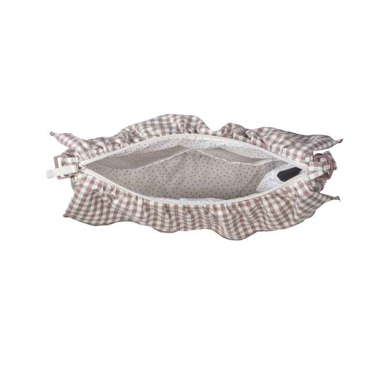 Funcional, ligera y con mucho estilo: la bolsa ideal para paseos con tu bebé. La bolsa tipo góndola con correa cruzada de la colección Praliné Vichy Matcha de Walking Mum es la opción perfecta para quienes buscan una bolsa maternal ligera, compacta y con gran capacidad de organización. Su diseño curvado tipo góndola, es perfecto para llevar como bolsa bandolera. Aporta un toque moderno ideal para llevar tanto colgada al hombro como sujeta al carrito del bebé.
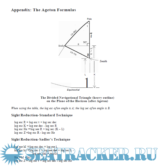 Description: An alternative method for Sight Reduction calculation, to be as simple as possible and avoid the use of big inspection tables.
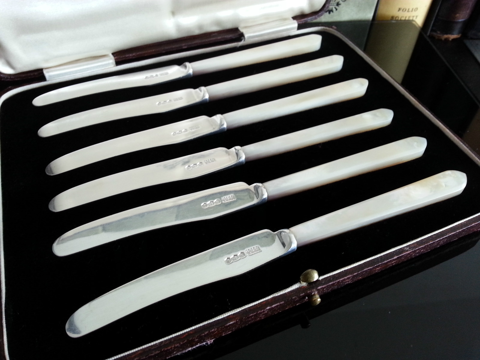 Art Deco c.1932 solid silver & mother of pear handles kitchen table knifes set 6 Posted by Unknown on March 16, 2015 Get link Facebook X Pinterest Email Other Apps Stunning Art Deco c.1932 solid silver & mother of pear handles kitchen table knifes set 6 British solid silver hallmark: Sheffield crown, lion passant, p (c.1932) maker mark: Brook & Son total spoons weight 138.7 g Condition: see photos ( mother of pearl not damage) BUY IT NOW SEE OTHER ITEMS Shipments: UK delivery: Second class Standard Recorded Signed For™ Special delivery Next day International delivery: Standard - Airmail small parcel Signed For - Standard International Signed For™ IS Express delivery - Parcel force Express Comments
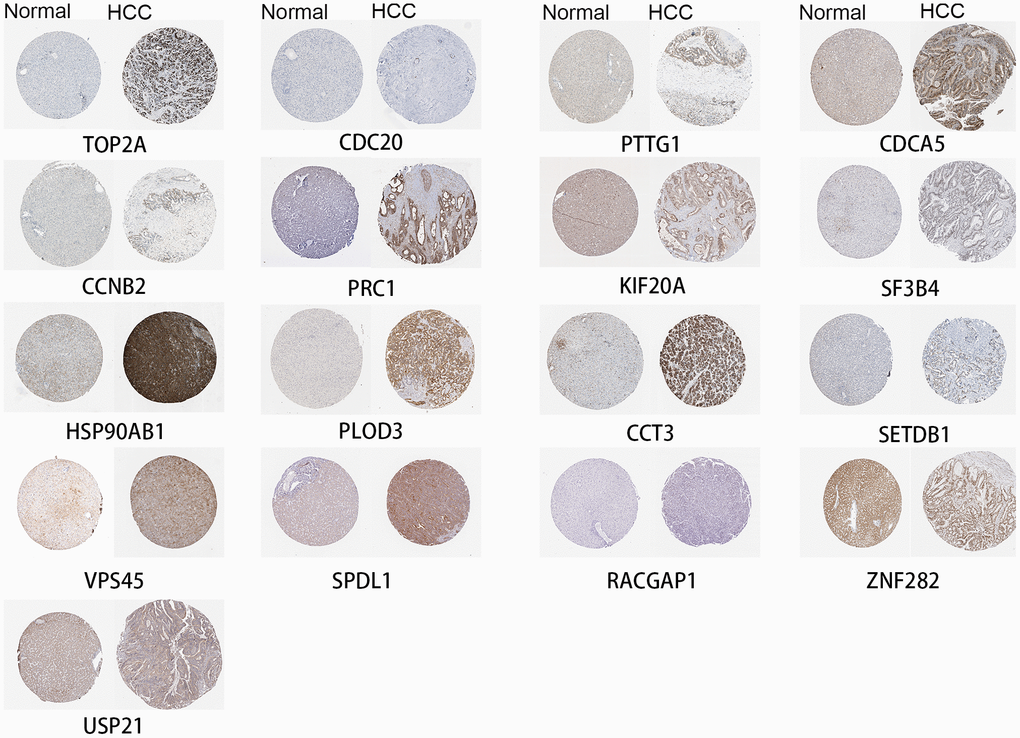Seventeen identified genes are included in The Human Protein Atlas, and all were highly expressed in HCC compared to normal liver (Figure 6). The antibodies against these proteins are listed in Supplementary Table 1. These data provide strong support for our results. FOXD2, MED24 and KIAA0101 are not in The Human Protein Atlas.
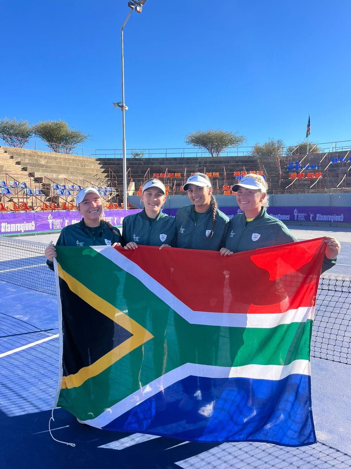 Daarna reis sy na Windhoek waar sy saam met drie ander jong vroue Suid-Afrika by die Region 5-Jeugspele verteenwoordig – Milla is heel links op die foto. Sy keer met drie medaljes terug: Goud vir spankompetisie, goud vir die gemengde dubbels en brons vir vrouedubbels. Dis ’n báié groot prestasie, Milla! Veels geluk!
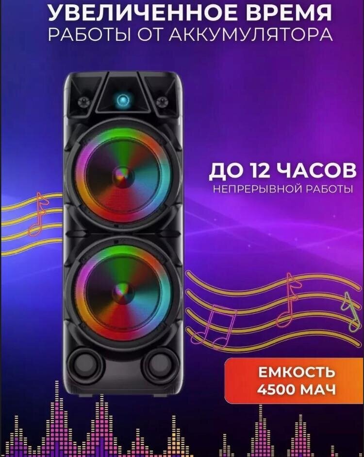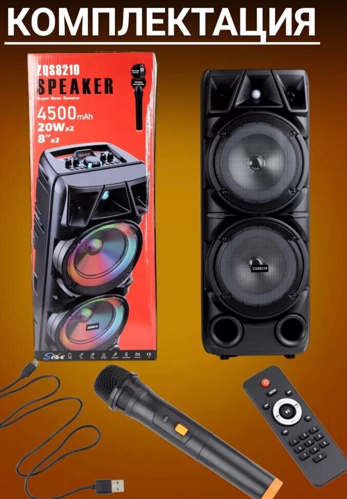 Купить Большая портативная колонка 8210 с пультом управления , караоке микрофон , светомузыка , для улицы

YOUR GOAL
Please copy the data above word for word, but only from the line that contains "force Express Comments" through the final line, both included, and without the pictures.

PROBLEM SOLUTION
 Art Deco c.1932 solid silver & mother of pear handles kitchen table knifes set 6 Posted by Unknown on March 16, 2015 Get link Facebook X Pinterest Email Other Apps Stunning Art Deco c.1932 solid silver & mother of pear handles kitchen table knifes set 6 British solid silver hallmark: Sheffield crown, lion passant, p (c.1932) maker mark: Brook & Son total spoons weight 138.7 g Condition: see photos ( mother of pearl not damage) BUY IT NOW SEE OTHER ITEMS Shipments: UK delivery: Second class Standard Recorded Signed For™ Special delivery Next day International delivery: Standard - Airmail small parcel Signed For - Standard International Signed For™ IS Express delivery - Parcel force Express Comments
Seventeen identified genes are included in The Human Protein Atlas, and all were highly expressed in HCC compared to normal liver (Figure 6). The antibodies against these proteins are listed in Supplementary Table 1. These data provide strong support for our results. FOXD2, MED24 and KIAA0101 are not in The Human Protein Atlas.
 Daarna reis sy na Windhoek waar sy saam met drie ander jong vroue Suid-Afrika by die Region 5-Jeugspele verteenwoordig – Milla is heel links op die foto. Sy keer met drie medaljes terug: Goud vir spankompetisie, goud vir die gemengde dubbels en brons vir vrouedubbels. Dis ’n báié groot prestasie, Milla! Veels geluk!
 Купить Большая портативная колонка 8210 с пультом управления , караоке микрофон , светомузыка , для улицы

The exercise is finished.